TASK OBJECTIVE: Below, some lines carry pictures; leave those pictures out and retype exactly the lines from the one with "À LAVALLA, BIKENIBEU" through the one with "Homenagem à Democracia, Franz Weissmann, 1989".
————
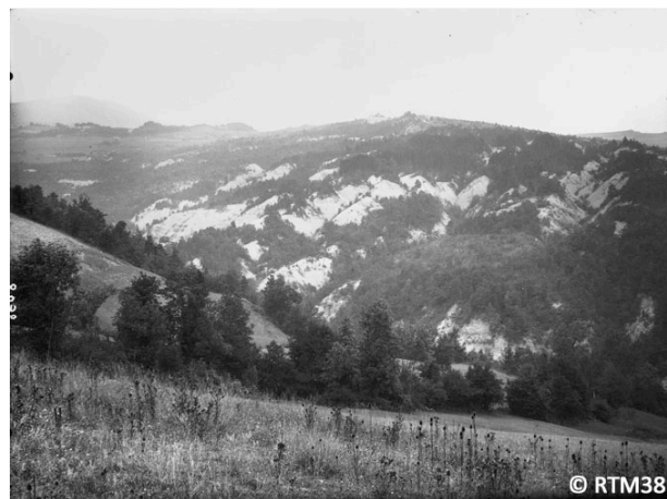
Figure 4. Reboisements RTM : vue d'ensemble du site de Sinard (Isère), à gauche en 1886, et à droite en 1929 après reboisement.

Outre l'élaboration d'une véritable idéologie articulée sur les concepts et les objectifs de la RTM, l'Administration des Forêts, à qui fut confiée la mise en œuvre de cette politique, réussit à produire un corpus de méthodes et de technologies fondées sur les idées et travaux novateurs de Surrel et Demontzey. Les opérations, focalisées sur l'amont des bassins versants et/ou dans des zones vulnérables, avaient recours à une combinaison de techniques : i) revégétalisation ou recolonisation, avec des arbres (espèces locales et Pinus nigra ) sur les pentes, des arbustes et des plantes herbacées le long des rives et dans les ravines, et la réalisation complémentaire de profilage en gradins ; ii) génie civil avec la construction de barrages en séquence dans le lit du torrent pour réduire son érosion et celle des rives, tout en limitant le transport des matériaux. Les réalisations de la RTM peuvent être résumées en quelques chiffres : i) 260.000 ha reboisés ; ii) 110 torrents traités ; iii) 100.000 petits barrages construits ; iv) travaux réalisés sur 115 zones de glissements de terrain et 100 couloirs d'avalanche ; v) 950 communes concernées dans 25 départements de moyenne et haute montagne. Avec un recul de 150 ans, cette politique publique de la RTM peut être considérée comme un grand succès ; elle a d'ailleurs inspiré d'autres pays européens.
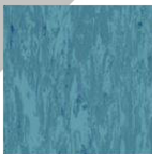
ESTRAD ESD 47055
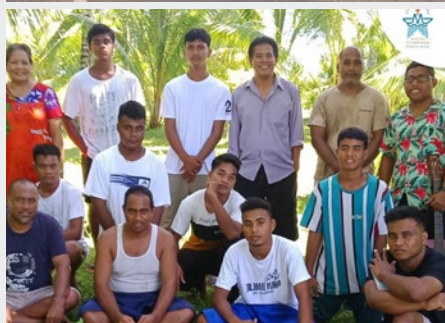
KIRIBATI: PROGRAMME "COME AND SEE" À LAVALLA, BIKENIBEU
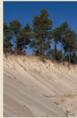
Las dunas más altas de Cantalejo rondan los 15 m de altura.
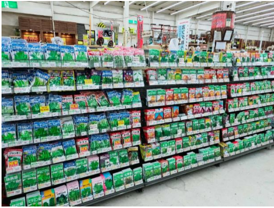
賣場內各式各樣的蔬菜種子
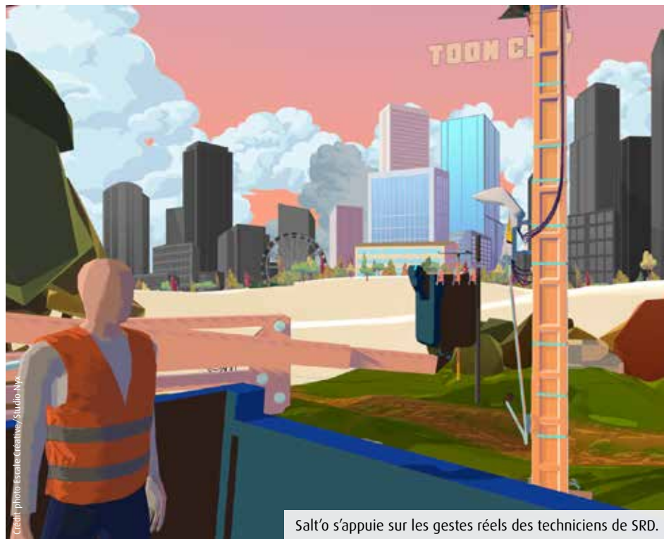
Salt'o s'appuie sur les gestes réels des techniciens de SRD.

Le gestionnaire de réseaux d'électricité SRD a collaboré avec l'agence poitevine Escala créative, spécialisée dans l'innovation pédagogique. Les deux partenaires ont mis au point un jeu immersif dans le but de susciter des vocations dans les métiers techniques.
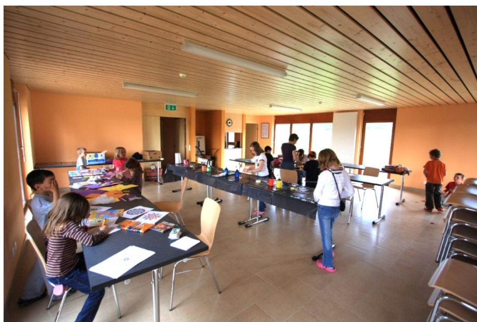
Speisesaal mit 70 Plätzen
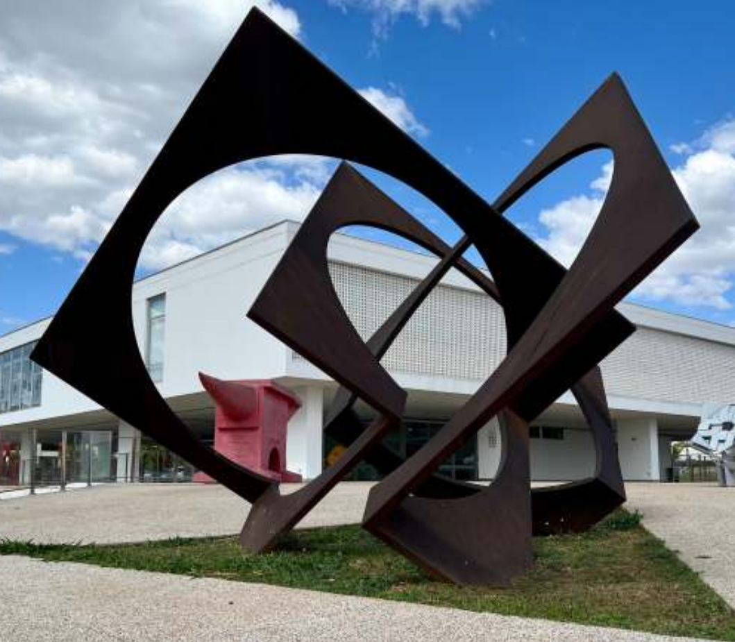
Homenagem à Democracia, Franz Weissmann, 1989
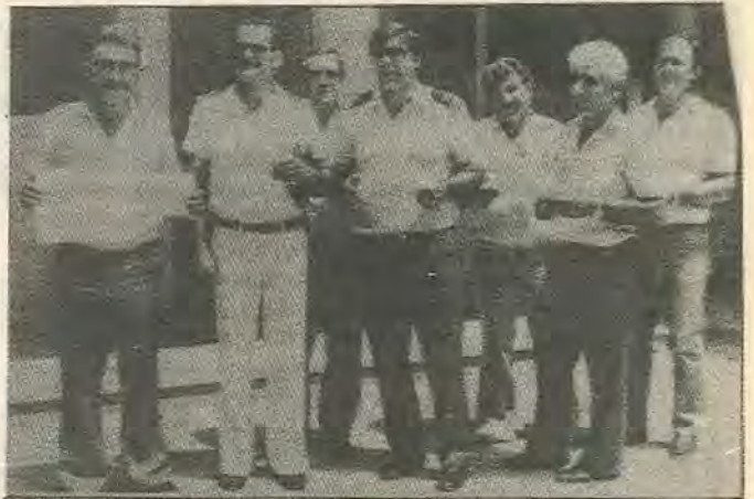
Οι υπάλληλοι της Αρχής Λιμένων με το διάταγμα της επιστράτευσης.

Οι εργοδοτικές οργανώσεις - ΚΕΒΕ ΟΕΒ - μπροστα στην αντίδραση
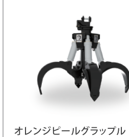
オレンジピールグラップル
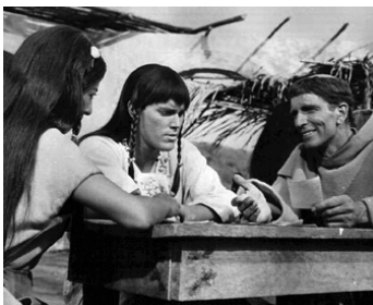
1955 LE SECRET DES 7 CITÉS (Seven Cities of Gold) de R. Webb avec Rita Moreno, Michael Rennie
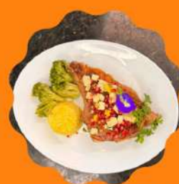
PRIME RIB AO GORGONZOLA
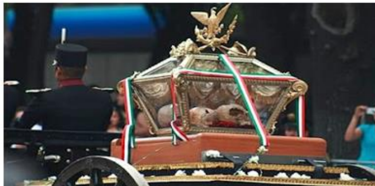
Traslado de restos de restos héroes de la patria al Ángel de la Independencia

Hace 200 años, de acuerdo al decreto 344 en su punto número 12 se menciona que “El congreso declara beneméritos de la patria en grado heroico, á los Sres. D. Miguel Hidalgo, D. Ignacio Allende, D. Juan Aldama, D. Mariano Abasolo, D. José María Morelos, D. Mariano Matamoros, D. Leonardo y D. Miguel Barvo, D. Hermenegildo Galena, D. José Mariano Jiménez, D. Francisco Xavier Mina, D. Pedro Moreno y D. Víctor Rosales: sus padres, mujeres é hijos, y asimismo las hermanas de los Sres. Allende, Morelos, Hidalgo y Matamoros, gozarán de la pensión que les señalará el supremo poder ejecutivo, conforme á los extraordinarios servicios que prestaron, guardándose el orden de preferencia que previene en el artículo 10.” Es por ello que en el presente mes hacemos honor a este destacado lagunense cuyos méritos y sacrificios por la patria le valieron este nombramiento a la par de los más destacados personajes que participaron en la gesta independentista de nuestro país.
————
ANSWER TO THIS TASK:
KIRIBATI: PROGRAMME "COME AND SEE" À LAVALLA, BIKENIBEU
Las dunas más altas de Cantalejo rondan los 15 m de altura.
賣場內各式各樣的蔬菜種子
Salt'o s'appuie sur les gestes réels des techniciens de SRD.

Le gestionnaire de réseaux d'électricité SRD a collaboré avec l'agence poitevine Escala créative, spécialisée dans l'innovation pédagogique. Les deux partenaires ont mis au point un jeu immersif dans le but de susciter des vocations dans les métiers techniques.
Speisesaal mit 70 Plätzen
Homenagem à Democracia, Franz Weissmann, 1989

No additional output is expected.